The SMAD-Pathway Mediates HMGB1-Induced Proliferation and Metastatic Progression in Cutaneous Squamous Cell Carcinoma Cells
- Author:
De-De LIAN
1
;
Xue Mei LI
;
Yu-Xi JIA
;
Ming-Wei ZHOU
;
Xiang-Ru CHEN
;
Yang-Yang TIAN
;
Min LI
;
Ming-Hui SUN
;
Ye ZHAO
;
Hong-Jun LI
;
Qing-Ling ZHANG
Author Information
- Publication Type:Original Article
- From:Annals of Dermatology 2026;38(1):51-58
- CountryRepublic of Korea
- Language:English
-
Abstract:
Background:High-mobility group box protein 1 (HMGB1) is a chromatin-binding protein involved in arthritis, ischemia, sepsis, atherosclerosis, neurodegenerative disorders, meningitis, and cancer. HMGB1 exhibits dual roles in cancer, acting as either a tumor suppressor or oncoprotein depending on context.
Objective:This research aimed to elucidate HMGB1’s functional significance in cutaneous squamous cell carcinoma (cSCC).
Methods:We overexpressed HMGB1 in cSCC cell lines using recombinant adenovirus and examined its effects on cell proliferation, colony formation, and cell migration.
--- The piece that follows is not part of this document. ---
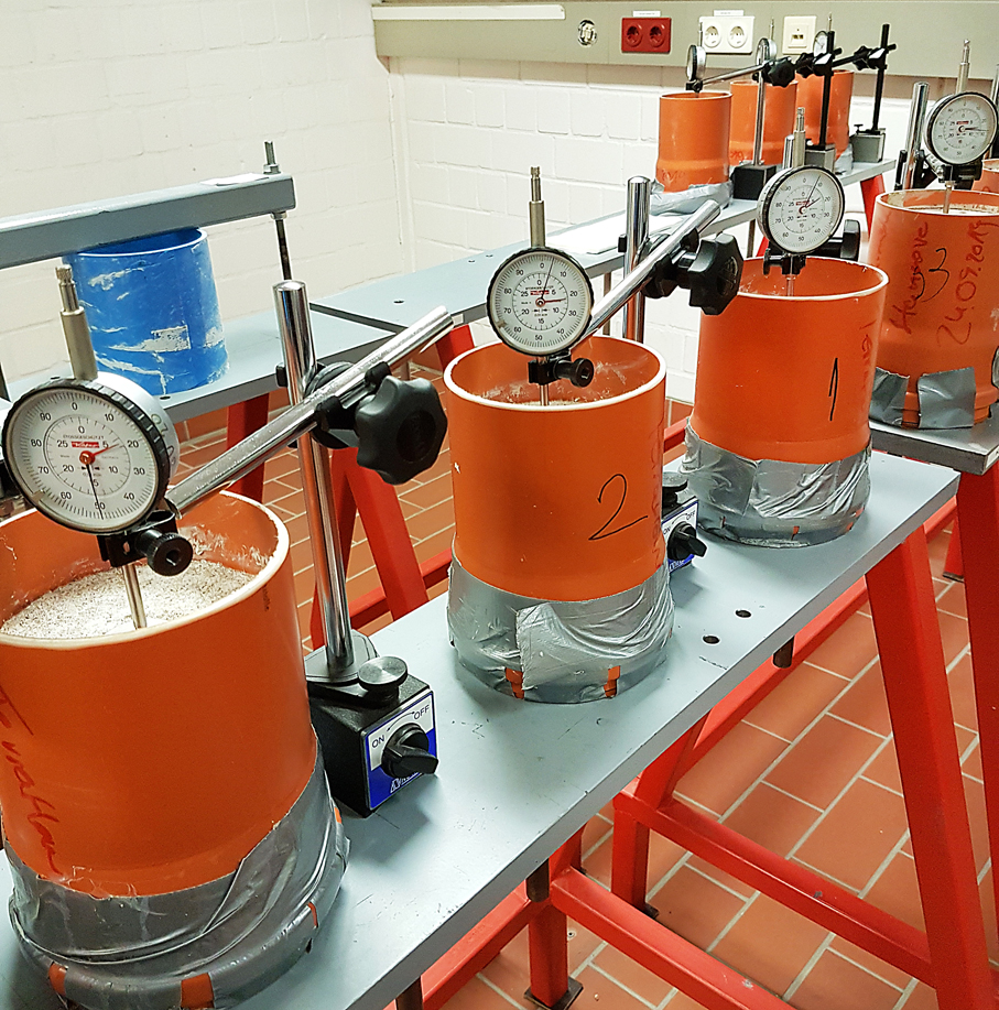 Doch die Anforderungen an das Material sind hoch. Das IKT - Institut für Unterirdische Infrastruktur hat in einem aufwendigen Warentest fünf Flüssigböden auf ihre Eignung für den Kanalbau hin untersucht. Denn: „Flüssigboden sollte keine Wundertüte sein“ – das finden die Mitglieder des kommunalen Lenkungskreises, die alle wichtigen Entscheidungen in diesem Projekt trafen.

Results:Immunohistochemical analysis revealed elevated HMGB1 expression levels in cSCC tissue relative to normal epidermis. To assess the influence of HMGB1, we employed recombinant adenoviruses expressing HMGB1 to transduce SCC cell lines (SCC12 and SCC13). Enhanced HMGB1 expression significantly promoted cellular proliferation and colony formation capacity.Notably, HMGB1 overexpression elevated the levels of proliferation regulators, including P63, SOX2, CDK4 and CDK6. Furthermore, HMGB1 overexpression substantially enhanced tumor invasiveness, accompanied by upregulation of epithelial-mesenchymal transition (EMT) biomarkers. Mechanistically, overexpression of HMGB1 enhanced transforming growth factor-β signaling by increasing phosphorylation of SMAD2/3, the key mediators of EMT.
Conclusion:These data imply that HMGB1 acts as a tumor-promoting factor in cSCC.